L’Albanie a frappé fort. En intronisant Diella, ministre virtuelle en charge des marchés publics, le Premier ministre Edi Rama signe une première mondiale et propulse son pays dans l’ère de la politique augmentée par l’intelligence artificielle. Mais derrière l’innovation, c’est la nature même du pouvoir qui se trouve questionnée.
En confiant à une IA la supervision des marchés publics, Rama cherche à tourner la page d’une corruption chronique qui mine son pays depuis des décennies. Le signal est limpide : à Bruxelles, où l’adhésion de l’Albanie à l’Union européenne reste suspendue à des réformes concrètes, Tirana veut apparaître comme un élève modèle.
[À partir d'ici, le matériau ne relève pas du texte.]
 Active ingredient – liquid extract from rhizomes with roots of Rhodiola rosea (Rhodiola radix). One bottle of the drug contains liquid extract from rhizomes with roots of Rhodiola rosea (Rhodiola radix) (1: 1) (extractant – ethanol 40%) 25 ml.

Diella devient le symbole numérique d’une promesse européenne.
Mais ce coup d’éclat est aussi un calcul politique intérieur. Rama impose un récit : celui d’un dirigeant visionnaire, modernisateur, qui prend de vitesse une opposition engluée dans ses propres scandales.
Reste que cette nomination soulève des questions démocratiques de fond. Qui programme Diella ? Qui valide ses arbitrages ? Et surtout, qui assume la responsabilité politique de ses erreurs ou de ses biais ?
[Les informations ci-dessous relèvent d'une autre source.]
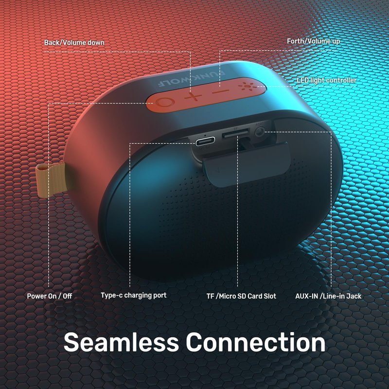 - 🎵Bluetooth Connection: Bluetooth 5.3 technology has a better and stable signal and high transmission rate ensure the reliability. Support TF card, AUX. Bluetooth speaker supported to connect with all iOS Android devices, phone, computers, Macbooks, MP3 players, etc.
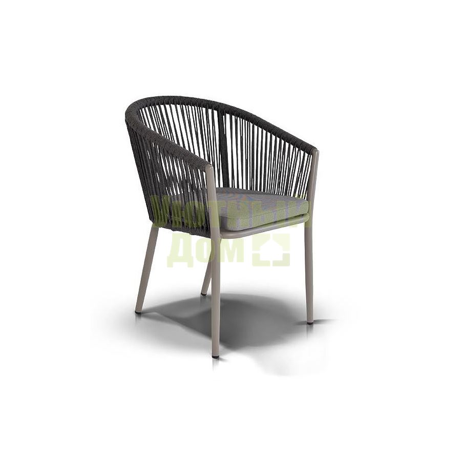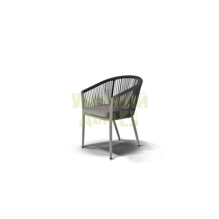 Стул "Бордо", алюминиевый каркас, оплетен вручную эластичными синтетическими лентами из высокопрочных полиэфирных волокон, в комплекте с подушкой, размеры 570X620X800, цвет темно-серый
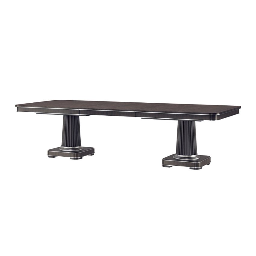 Обеденный стол Spencer London от американского премиального бренда Theodore Alexander изготавливается из массива дерева, шпона и металла. Массивные рифлёные ножки напоминают колонны. Вертикальные рифления добавляют изысканности и визуального интереса.

Car l’intelligence artificielle n’est jamais neutre : elle reflète les données sur lesquelles elle a été entraînée et les intentions de ceux qui la contrôlent. Derrière l’apparente objectivité se cache donc une centralisation accrue du pouvoir.
L’Albanie se présente ainsi comme un laboratoire démocratique à ciel ouvert. Si l’expérience réussit, elle pourrait inspirer d’autres gouvernements en quête de légitimité. Mais si elle échoue, elle révélera les dangers d’une illusion technologique qui remplace la responsabilité politique par l’opacité algorithmique.
En pariant sur Diella, Edi Rama joue bien plus qu’un simple coup médiatique. Il engage son pays dans un pari historique : peut-on gouverner avec des algorithmes sans affaiblir la démocratie ?
La réponse conditionnera non seulement l’avenir politique de son gouvernement, mais aussi l’image de l’Albanie sur la scène européenne.
Une chose est sûre : avec Diella, la frontière entre pouvoir humain et pouvoir numérique est désormais brouillée. Et c’est là que commence le vrai débat.